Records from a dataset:
· · · ·

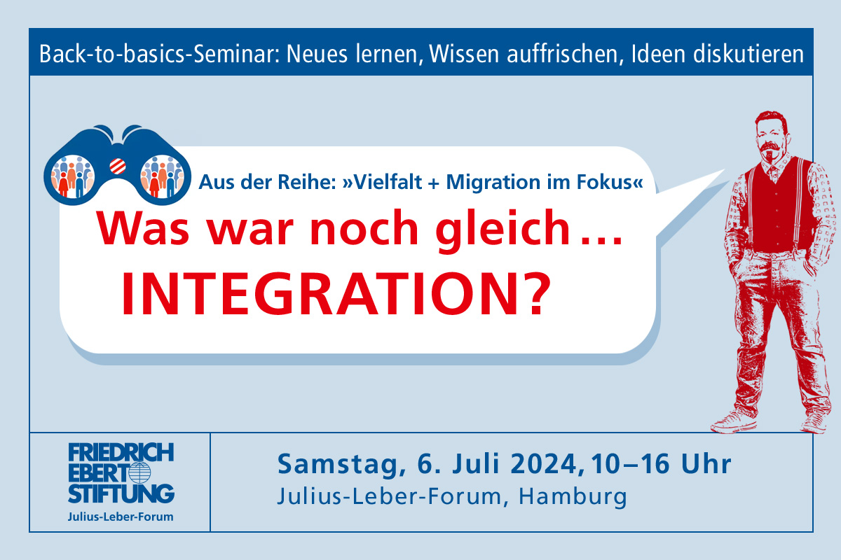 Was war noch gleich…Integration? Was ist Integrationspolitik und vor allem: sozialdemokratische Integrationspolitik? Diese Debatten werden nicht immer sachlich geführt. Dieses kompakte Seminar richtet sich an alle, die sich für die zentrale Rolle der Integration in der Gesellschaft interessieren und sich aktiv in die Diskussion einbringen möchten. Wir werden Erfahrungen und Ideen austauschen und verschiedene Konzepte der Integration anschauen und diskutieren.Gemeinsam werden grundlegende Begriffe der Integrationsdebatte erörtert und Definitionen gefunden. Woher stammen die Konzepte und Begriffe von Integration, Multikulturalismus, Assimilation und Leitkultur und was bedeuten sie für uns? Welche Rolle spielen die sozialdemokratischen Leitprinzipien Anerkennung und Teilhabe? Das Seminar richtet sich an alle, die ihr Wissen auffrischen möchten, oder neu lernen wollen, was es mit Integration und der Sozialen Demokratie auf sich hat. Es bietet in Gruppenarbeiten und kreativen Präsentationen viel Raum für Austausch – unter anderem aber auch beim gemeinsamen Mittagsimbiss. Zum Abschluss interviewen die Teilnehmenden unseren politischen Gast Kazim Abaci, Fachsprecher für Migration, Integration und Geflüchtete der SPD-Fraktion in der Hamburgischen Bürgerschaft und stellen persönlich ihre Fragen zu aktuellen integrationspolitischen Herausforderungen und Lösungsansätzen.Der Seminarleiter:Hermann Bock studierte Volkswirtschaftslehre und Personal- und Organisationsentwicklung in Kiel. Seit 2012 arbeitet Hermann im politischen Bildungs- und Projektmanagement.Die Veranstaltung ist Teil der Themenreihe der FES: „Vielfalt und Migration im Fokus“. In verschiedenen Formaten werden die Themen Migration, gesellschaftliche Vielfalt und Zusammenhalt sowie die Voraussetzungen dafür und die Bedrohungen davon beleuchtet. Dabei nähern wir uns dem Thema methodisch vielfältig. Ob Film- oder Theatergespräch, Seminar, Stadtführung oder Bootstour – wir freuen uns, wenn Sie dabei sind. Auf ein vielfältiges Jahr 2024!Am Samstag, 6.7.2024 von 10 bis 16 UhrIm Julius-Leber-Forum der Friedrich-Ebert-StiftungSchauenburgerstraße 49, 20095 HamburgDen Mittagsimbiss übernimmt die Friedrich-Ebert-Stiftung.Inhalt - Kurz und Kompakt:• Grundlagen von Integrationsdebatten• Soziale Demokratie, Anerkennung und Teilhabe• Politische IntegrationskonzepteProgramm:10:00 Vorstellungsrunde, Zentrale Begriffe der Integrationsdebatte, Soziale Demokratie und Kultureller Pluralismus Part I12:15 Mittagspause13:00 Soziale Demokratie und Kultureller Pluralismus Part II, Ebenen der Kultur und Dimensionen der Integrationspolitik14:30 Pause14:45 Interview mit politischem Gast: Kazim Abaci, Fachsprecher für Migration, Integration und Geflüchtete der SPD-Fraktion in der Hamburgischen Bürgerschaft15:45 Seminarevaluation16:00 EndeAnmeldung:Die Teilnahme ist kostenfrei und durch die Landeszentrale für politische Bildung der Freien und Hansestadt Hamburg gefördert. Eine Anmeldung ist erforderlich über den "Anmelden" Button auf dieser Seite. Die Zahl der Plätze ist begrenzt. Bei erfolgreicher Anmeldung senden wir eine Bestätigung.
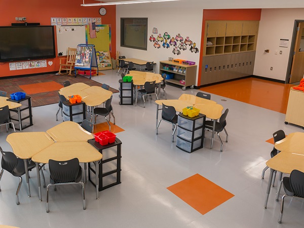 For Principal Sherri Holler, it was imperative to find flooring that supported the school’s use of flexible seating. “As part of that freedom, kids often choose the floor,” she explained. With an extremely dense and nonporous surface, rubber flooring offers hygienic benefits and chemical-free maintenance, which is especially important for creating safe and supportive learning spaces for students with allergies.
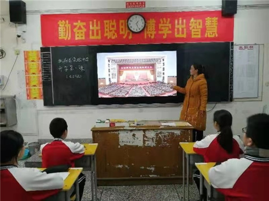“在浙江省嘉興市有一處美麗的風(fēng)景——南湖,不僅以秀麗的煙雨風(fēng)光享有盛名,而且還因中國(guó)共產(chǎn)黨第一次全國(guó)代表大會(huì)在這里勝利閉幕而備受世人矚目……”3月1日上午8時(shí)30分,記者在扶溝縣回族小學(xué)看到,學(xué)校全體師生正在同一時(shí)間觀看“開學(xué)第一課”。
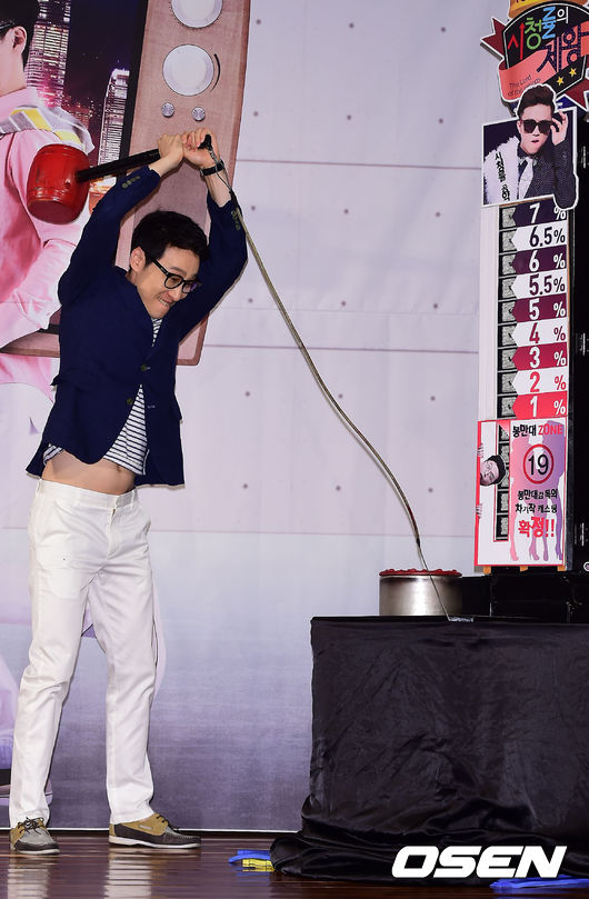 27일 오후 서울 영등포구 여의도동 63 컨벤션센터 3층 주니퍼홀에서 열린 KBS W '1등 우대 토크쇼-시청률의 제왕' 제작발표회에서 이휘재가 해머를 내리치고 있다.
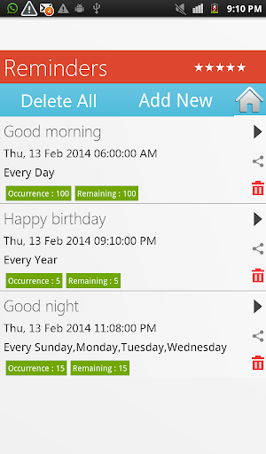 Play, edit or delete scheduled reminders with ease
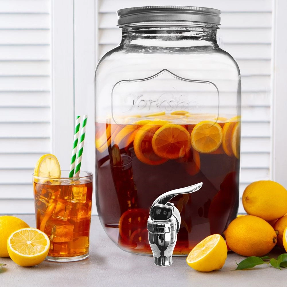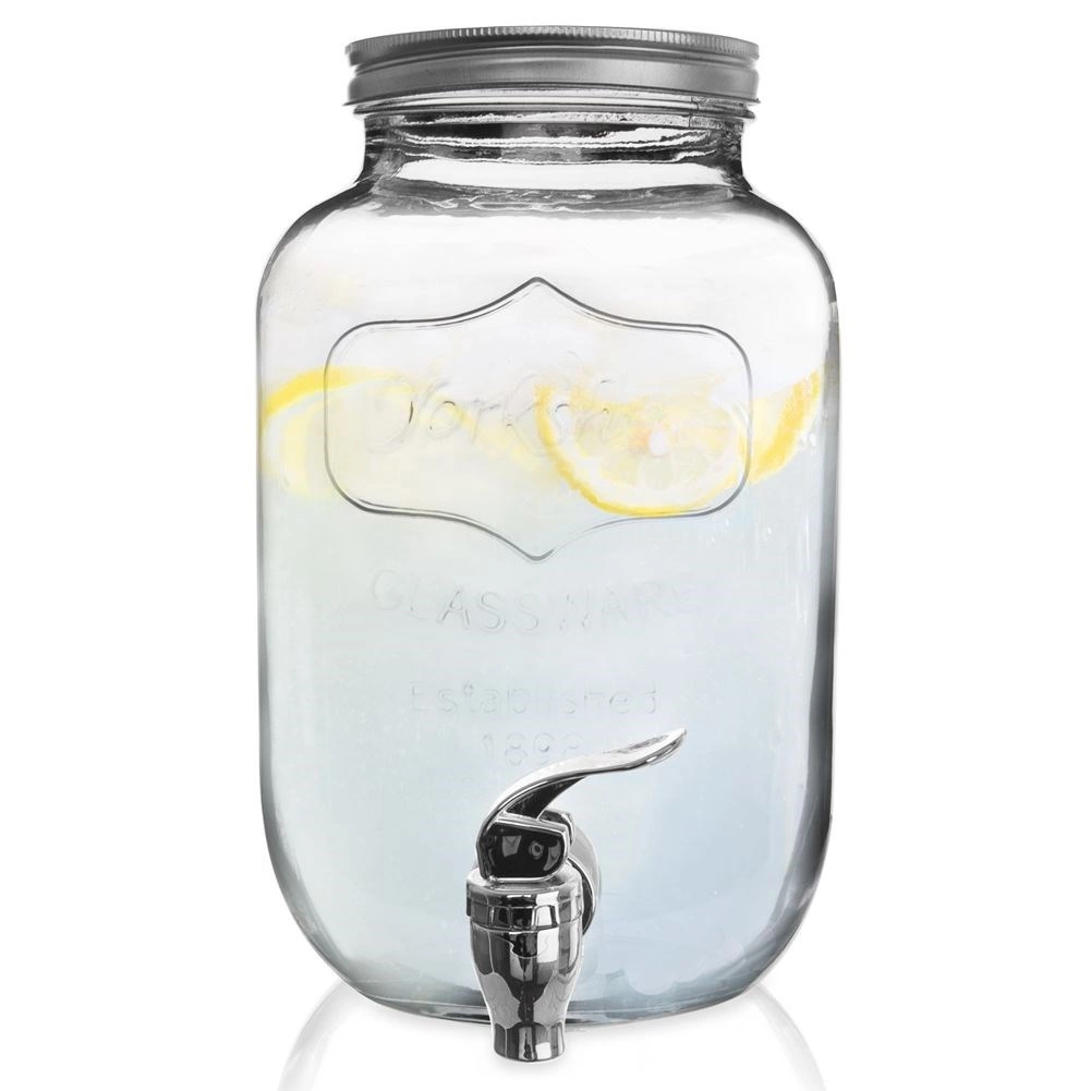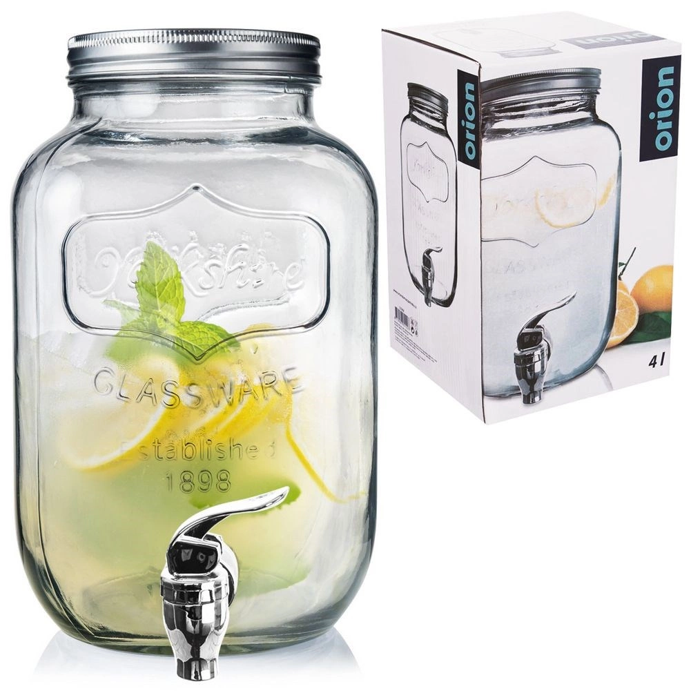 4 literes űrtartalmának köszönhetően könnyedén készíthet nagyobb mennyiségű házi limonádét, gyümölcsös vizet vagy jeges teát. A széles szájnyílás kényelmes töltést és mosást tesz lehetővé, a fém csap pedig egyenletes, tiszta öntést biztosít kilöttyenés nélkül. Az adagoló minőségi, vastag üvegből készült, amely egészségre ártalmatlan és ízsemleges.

· · · ·

YOUR ASSIGNMENT: Return all records exactly as they stand above, except for pictures.

EXERCISE RESULT:
 Was war noch gleich…Integration? Was ist Integrationspolitik und vor allem: sozialdemokratische Integrationspolitik? Diese Debatten werden nicht immer sachlich geführt. Dieses kompakte Seminar richtet sich an alle, die sich für die zentrale Rolle der Integration in der Gesellschaft interessieren und sich aktiv in die Diskussion einbringen möchten. Wir werden Erfahrungen und Ideen austauschen und verschiedene Konzepte der Integration anschauen und diskutieren.Gemeinsam werden grundlegende Begriffe der Integrationsdebatte erörtert und Definitionen gefunden. Woher stammen die Konzepte und Begriffe von Integration, Multikulturalismus, Assimilation und Leitkultur und was bedeuten sie für uns? Welche Rolle spielen die sozialdemokratischen Leitprinzipien Anerkennung und Teilhabe? Das Seminar richtet sich an alle, die ihr Wissen auffrischen möchten, oder neu lernen wollen, was es mit Integration und der Sozialen Demokratie auf sich hat. Es bietet in Gruppenarbeiten und kreativen Präsentationen viel Raum für Austausch – unter anderem aber auch beim gemeinsamen Mittagsimbiss. Zum Abschluss interviewen die Teilnehmenden unseren politischen Gast Kazim Abaci, Fachsprecher für Migration, Integration und Geflüchtete der SPD-Fraktion in der Hamburgischen Bürgerschaft und stellen persönlich ihre Fragen zu aktuellen integrationspolitischen Herausforderungen und Lösungsansätzen.Der Seminarleiter:Hermann Bock studierte Volkswirtschaftslehre und Personal- und Organisationsentwicklung in Kiel. Seit 2012 arbeitet Hermann im politischen Bildungs- und Projektmanagement.Die Veranstaltung ist Teil der Themenreihe der FES: „Vielfalt und Migration im Fokus“. In verschiedenen Formaten werden die Themen Migration, gesellschaftliche Vielfalt und Zusammenhalt sowie die Voraussetzungen dafür und die Bedrohungen davon beleuchtet. Dabei nähern wir uns dem Thema methodisch vielfältig. Ob Film- oder Theatergespräch, Seminar, Stadtführung oder Bootstour – wir freuen uns, wenn Sie dabei sind. Auf ein vielfältiges Jahr 2024!Am Samstag, 6.7.2024 von 10 bis 16 UhrIm Julius-Leber-Forum der Friedrich-Ebert-StiftungSchauenburgerstraße 49, 20095 HamburgDen Mittagsimbiss übernimmt die Friedrich-Ebert-Stiftung.Inhalt - Kurz und Kompakt:• Grundlagen von Integrationsdebatten• Soziale Demokratie, Anerkennung und Teilhabe• Politische IntegrationskonzepteProgramm:10:00 Vorstellungsrunde, Zentrale Begriffe der Integrationsdebatte, Soziale Demokratie und Kultureller Pluralismus Part I12:15 Mittagspause13:00 Soziale Demokratie und Kultureller Pluralismus Part II, Ebenen der Kultur und Dimensionen der Integrationspolitik14:30 Pause14:45 Interview mit politischem Gast: Kazim Abaci, Fachsprecher für Migration, Integration und Geflüchtete der SPD-Fraktion in der Hamburgischen Bürgerschaft15:45 Seminarevaluation16:00 EndeAnmeldung:Die Teilnahme ist kostenfrei und durch die Landeszentrale für politische Bildung der Freien und Hansestadt Hamburg gefördert. Eine Anmeldung ist erforderlich über den "Anmelden" Button auf dieser Seite. Die Zahl der Plätze ist begrenzt. Bei erfolgreicher Anmeldung senden wir eine Bestätigung.
 For Principal Sherri Holler, it was imperative to find flooring that supported the school’s use of flexible seating. “As part of that freedom, kids often choose the floor,” she explained. With an extremely dense and nonporous surface, rubber flooring offers hygienic benefits and chemical-free maintenance, which is especially important for creating safe and supportive learning spaces for students with allergies.
“在浙江省嘉興市有一處美麗的風(fēng)景——南湖,不僅以秀麗的煙雨風(fēng)光享有盛名,而且還因中國(guó)共產(chǎn)黨第一次全國(guó)代表大會(huì)在這里勝利閉幕而備受世人矚目……”3月1日上午8時(shí)30分,記者在扶溝縣回族小學(xué)看到,學(xué)校全體師生正在同一時(shí)間觀看“開學(xué)第一課”。
 27일 오후 서울 영등포구 여의도동 63 컨벤션센터 3층 주니퍼홀에서 열린 KBS W '1등 우대 토크쇼-시청률의 제왕' 제작발표회에서 이휘재가 해머를 내리치고 있다.
 Play, edit or delete scheduled reminders with ease
 4 literes űrtartalmának köszönhetően könnyedén készíthet nagyobb mennyiségű házi limonádét, gyümölcsös vizet vagy jeges teát. A széles szájnyílás kényelmes töltést és mosást tesz lehetővé, a fém csap pedig egyenletes, tiszta öntést biztosít kilöttyenés nélkül. Az adagoló minőségi, vastag üvegből készült, amely egészségre ártalmatlan és ízsemleges.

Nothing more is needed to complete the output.